Overview: How these tools fit together to provide complete AI agent security
Mindgard brings attacker‑inspired testing that challenges your controls. Wiz augments it with holistic visibility and risk management across cloud and agent ecosystems. Lakera Guard enforces runtime security policies around agent actions and interactions. NeMo Guardrails shapes agent behaviour and safety policies at the application layer. Cortex AgentiX focuses on the safe orchestration, governance and auditability of autonomous workflows.
FAQs
What are the key layers of security needed for AI agent orchestration?

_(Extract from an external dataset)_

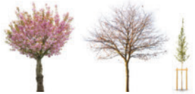
TRIMMING & LIMBING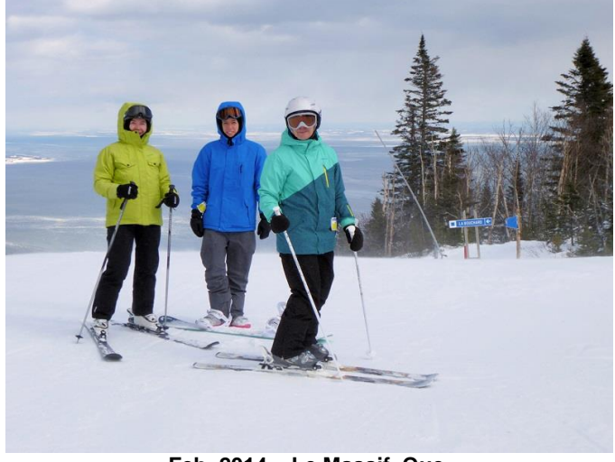
Feb. 2014 – Le Massif, Que.

The key layers of security for AI agent orchestration include full visibility into the AI supply chain, input validation, model safeguards, risk management across environments, tool controls, runtime monitoring and access control.
How do runtime protection tools prevent prompt injection and data leakage?
Runtime protection tools detect malicious prompts and block unsafe outputs or data exposure in real-time, helping to prevent attackers from hijacking AI processes. These vulnerabilities are invisible to static code scans.
What role do guardrail frameworks play in enforcing safe AI agent behaviour?
Guardrail frameworks enforce rules that keep AI behaviour safe, compliant and within limits, ensuring alignment with business security policies and avoiding risky behaviour.
How can a tool help identify and prioritise risks across AI agents and cloud environments?
A risk identification tool can scan systems to find vulnerabilities, then rank them by impact and likelihood so that security teams can allocate resources more efficiently and address the highest-stakes risks first.
Can multiple AI security tools be integrated together, and if so, how do they complement each other?
It’s actually recommended to integrate multiple AI security tools, because no single tool provides complete coverage for AI agent orchestration. Tools like Wiz, Mindgard, Cortex AgentiX, Lakera Guard and NeMo Guardrails cover different areas of the AI agent environment to deliver overlapping, effective protection.